WHAT YOU HAVE TO DO - In the listing that follows, locate the line containing "一種高強度耐火澆注料,由適當" and the line containing "Mendes Erkek Koyu". Retype exactly those two lines and every line between them, and nothing more.

DATA PROVIDED -
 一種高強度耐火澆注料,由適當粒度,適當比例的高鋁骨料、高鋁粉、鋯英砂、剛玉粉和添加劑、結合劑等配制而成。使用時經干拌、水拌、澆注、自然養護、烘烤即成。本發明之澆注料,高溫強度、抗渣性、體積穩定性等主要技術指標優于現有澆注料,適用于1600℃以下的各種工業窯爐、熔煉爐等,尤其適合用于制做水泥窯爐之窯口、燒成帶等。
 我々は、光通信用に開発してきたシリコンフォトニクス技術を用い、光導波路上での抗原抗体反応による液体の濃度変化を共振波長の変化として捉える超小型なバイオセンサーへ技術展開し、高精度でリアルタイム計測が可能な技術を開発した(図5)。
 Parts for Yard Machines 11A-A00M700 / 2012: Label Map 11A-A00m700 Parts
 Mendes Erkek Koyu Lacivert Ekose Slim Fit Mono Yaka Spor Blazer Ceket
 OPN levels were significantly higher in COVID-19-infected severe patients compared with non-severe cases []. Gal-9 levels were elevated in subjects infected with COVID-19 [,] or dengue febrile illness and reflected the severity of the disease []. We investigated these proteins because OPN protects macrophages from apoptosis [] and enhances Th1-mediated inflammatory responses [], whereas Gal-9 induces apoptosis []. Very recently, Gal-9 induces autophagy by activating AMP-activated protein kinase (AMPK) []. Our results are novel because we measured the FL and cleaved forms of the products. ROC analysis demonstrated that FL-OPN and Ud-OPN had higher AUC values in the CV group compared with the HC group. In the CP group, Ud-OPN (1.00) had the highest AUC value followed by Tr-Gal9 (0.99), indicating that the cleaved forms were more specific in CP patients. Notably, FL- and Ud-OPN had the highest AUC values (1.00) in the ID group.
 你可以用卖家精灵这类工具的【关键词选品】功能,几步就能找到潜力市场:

...

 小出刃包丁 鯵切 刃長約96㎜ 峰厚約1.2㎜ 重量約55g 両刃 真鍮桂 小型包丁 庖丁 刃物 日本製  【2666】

* * *

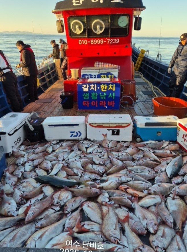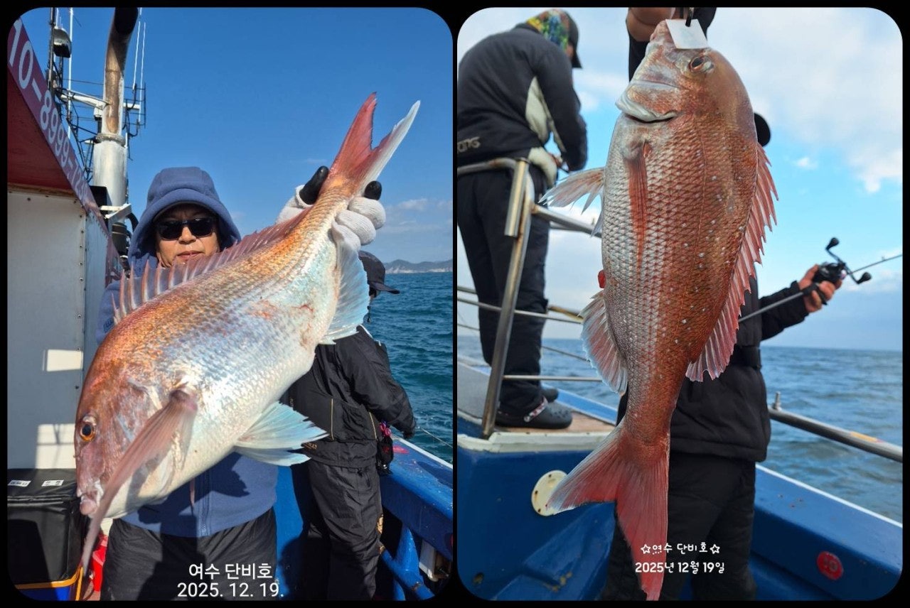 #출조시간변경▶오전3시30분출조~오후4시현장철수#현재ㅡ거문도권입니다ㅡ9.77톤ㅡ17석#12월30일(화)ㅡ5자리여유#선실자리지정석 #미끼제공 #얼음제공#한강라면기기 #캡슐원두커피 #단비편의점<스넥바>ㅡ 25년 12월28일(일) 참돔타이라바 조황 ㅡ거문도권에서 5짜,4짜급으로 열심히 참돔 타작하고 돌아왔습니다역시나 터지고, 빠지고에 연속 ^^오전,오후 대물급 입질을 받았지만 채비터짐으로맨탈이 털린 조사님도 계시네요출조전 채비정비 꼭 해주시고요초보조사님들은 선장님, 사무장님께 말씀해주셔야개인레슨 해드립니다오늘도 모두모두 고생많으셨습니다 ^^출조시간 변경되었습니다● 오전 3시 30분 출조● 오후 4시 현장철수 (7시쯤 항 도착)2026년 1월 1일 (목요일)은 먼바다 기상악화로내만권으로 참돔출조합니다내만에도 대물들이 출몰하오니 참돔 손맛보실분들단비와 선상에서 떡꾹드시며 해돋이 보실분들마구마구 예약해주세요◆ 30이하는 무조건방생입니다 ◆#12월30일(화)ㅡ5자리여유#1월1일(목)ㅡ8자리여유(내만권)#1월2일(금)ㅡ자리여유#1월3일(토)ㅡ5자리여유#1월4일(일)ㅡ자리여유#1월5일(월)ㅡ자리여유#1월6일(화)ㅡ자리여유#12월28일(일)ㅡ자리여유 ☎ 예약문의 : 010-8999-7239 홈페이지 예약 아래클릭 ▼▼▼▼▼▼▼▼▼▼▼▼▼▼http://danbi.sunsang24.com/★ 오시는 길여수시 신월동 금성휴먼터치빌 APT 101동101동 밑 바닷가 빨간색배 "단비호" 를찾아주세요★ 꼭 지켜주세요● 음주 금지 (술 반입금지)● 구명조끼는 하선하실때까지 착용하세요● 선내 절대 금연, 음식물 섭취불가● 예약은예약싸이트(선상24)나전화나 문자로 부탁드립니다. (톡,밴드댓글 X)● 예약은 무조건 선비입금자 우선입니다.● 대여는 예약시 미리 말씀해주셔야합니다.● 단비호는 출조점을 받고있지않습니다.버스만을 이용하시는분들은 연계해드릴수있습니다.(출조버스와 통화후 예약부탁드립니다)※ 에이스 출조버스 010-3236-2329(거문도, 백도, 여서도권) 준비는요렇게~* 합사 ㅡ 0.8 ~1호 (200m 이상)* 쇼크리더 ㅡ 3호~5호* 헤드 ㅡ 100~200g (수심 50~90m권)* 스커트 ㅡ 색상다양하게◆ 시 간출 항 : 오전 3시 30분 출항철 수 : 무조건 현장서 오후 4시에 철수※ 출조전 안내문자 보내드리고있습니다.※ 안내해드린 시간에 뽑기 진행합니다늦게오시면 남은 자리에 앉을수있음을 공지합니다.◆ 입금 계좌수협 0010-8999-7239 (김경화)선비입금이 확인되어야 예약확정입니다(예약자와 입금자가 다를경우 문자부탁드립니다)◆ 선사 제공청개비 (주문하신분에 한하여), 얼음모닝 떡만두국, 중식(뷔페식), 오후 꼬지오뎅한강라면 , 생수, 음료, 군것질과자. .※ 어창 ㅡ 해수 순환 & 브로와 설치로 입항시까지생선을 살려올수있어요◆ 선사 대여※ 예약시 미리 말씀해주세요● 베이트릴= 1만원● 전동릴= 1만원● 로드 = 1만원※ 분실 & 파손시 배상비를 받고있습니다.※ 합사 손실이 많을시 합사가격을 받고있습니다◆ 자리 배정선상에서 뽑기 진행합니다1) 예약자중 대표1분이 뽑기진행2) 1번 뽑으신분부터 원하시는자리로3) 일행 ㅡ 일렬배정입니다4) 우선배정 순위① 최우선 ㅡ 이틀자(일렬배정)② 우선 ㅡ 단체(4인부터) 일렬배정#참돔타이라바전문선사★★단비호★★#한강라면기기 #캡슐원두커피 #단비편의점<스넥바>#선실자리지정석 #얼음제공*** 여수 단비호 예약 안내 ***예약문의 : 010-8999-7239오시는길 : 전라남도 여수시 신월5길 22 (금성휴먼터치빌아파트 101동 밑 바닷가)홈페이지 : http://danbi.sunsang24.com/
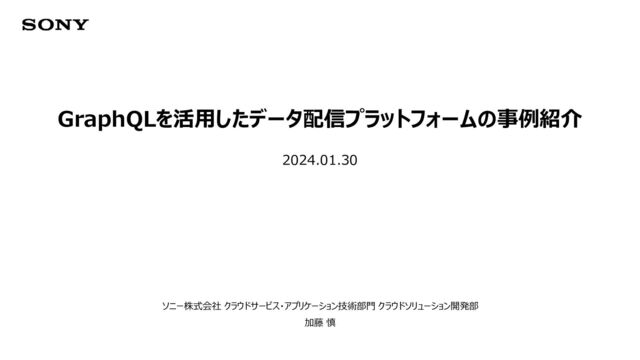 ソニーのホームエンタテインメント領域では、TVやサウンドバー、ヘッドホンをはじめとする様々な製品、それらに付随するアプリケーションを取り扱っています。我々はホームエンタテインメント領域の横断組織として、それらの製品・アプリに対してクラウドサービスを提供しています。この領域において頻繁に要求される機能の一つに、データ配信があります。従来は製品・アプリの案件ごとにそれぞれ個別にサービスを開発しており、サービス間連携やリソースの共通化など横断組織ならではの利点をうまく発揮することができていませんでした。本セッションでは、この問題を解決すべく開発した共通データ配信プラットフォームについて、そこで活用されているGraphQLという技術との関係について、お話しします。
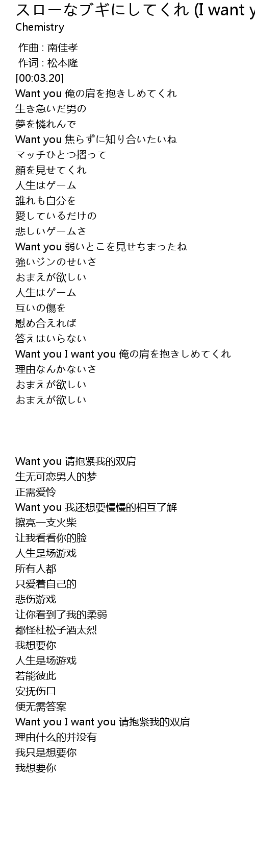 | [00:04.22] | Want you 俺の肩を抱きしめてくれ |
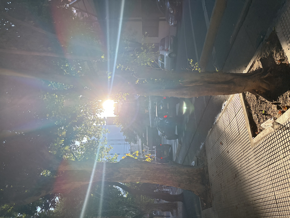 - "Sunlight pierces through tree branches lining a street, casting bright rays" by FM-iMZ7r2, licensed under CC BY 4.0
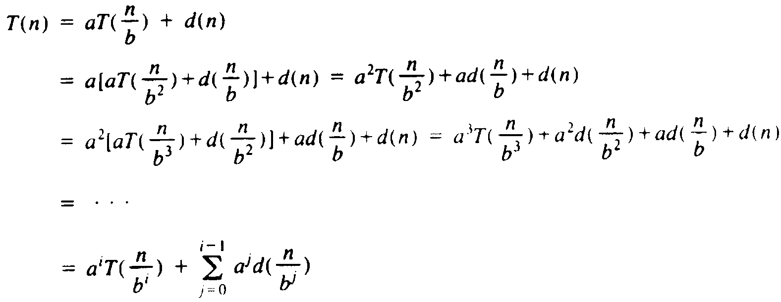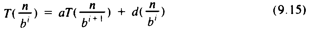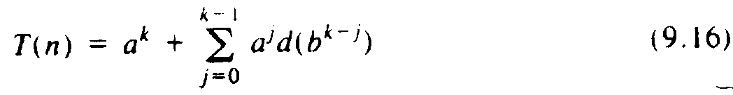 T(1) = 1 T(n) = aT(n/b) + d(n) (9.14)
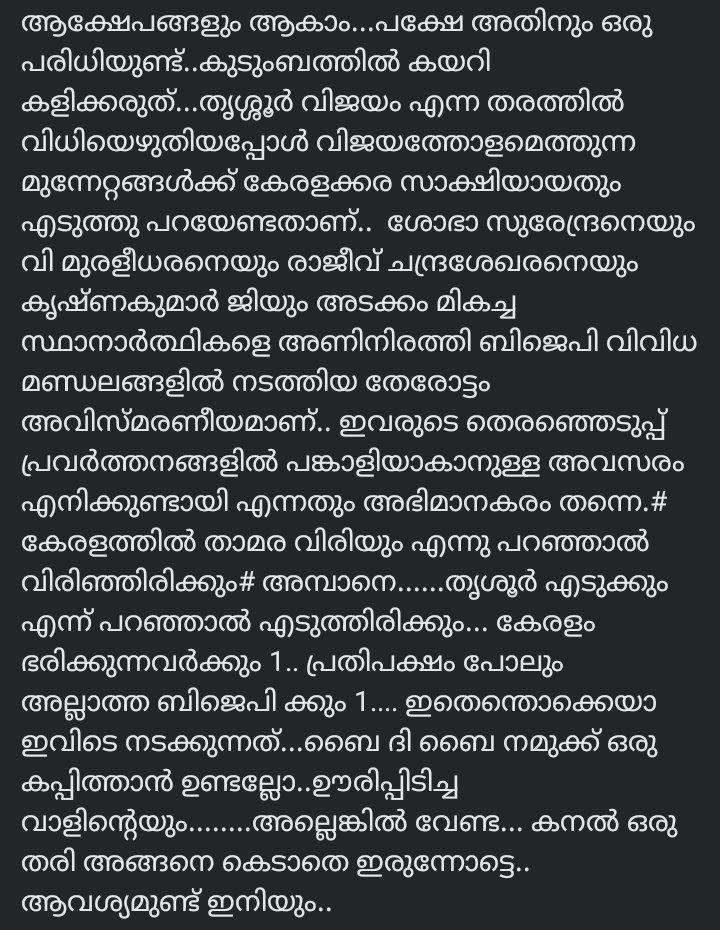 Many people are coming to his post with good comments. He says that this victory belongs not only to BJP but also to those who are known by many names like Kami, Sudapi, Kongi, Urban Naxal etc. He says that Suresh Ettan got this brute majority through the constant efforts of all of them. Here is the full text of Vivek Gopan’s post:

EXERCISE ANSWER -
 一種高強度耐火澆注料,由適當粒度,適當比例的高鋁骨料、高鋁粉、鋯英砂、剛玉粉和添加劑、結合劑等配制而成。使用時經干拌、水拌、澆注、自然養護、烘烤即成。本發明之澆注料,高溫強度、抗渣性、體積穩定性等主要技術指標優于現有澆注料,適用于1600℃以下的各種工業窯爐、熔煉爐等,尤其適合用于制做水泥窯爐之窯口、燒成帶等。
 我々は、光通信用に開発してきたシリコンフォトニクス技術を用い、光導波路上での抗原抗体反応による液体の濃度変化を共振波長の変化として捉える超小型なバイオセンサーへ技術展開し、高精度でリアルタイム計測が可能な技術を開発した(図5)。
 Parts for Yard Machines 11A-A00M700 / 2012: Label Map 11A-A00m700 Parts
 Mendes Erkek Koyu Lacivert Ekose Slim Fit Mono Yaka Spor Blazer Ceket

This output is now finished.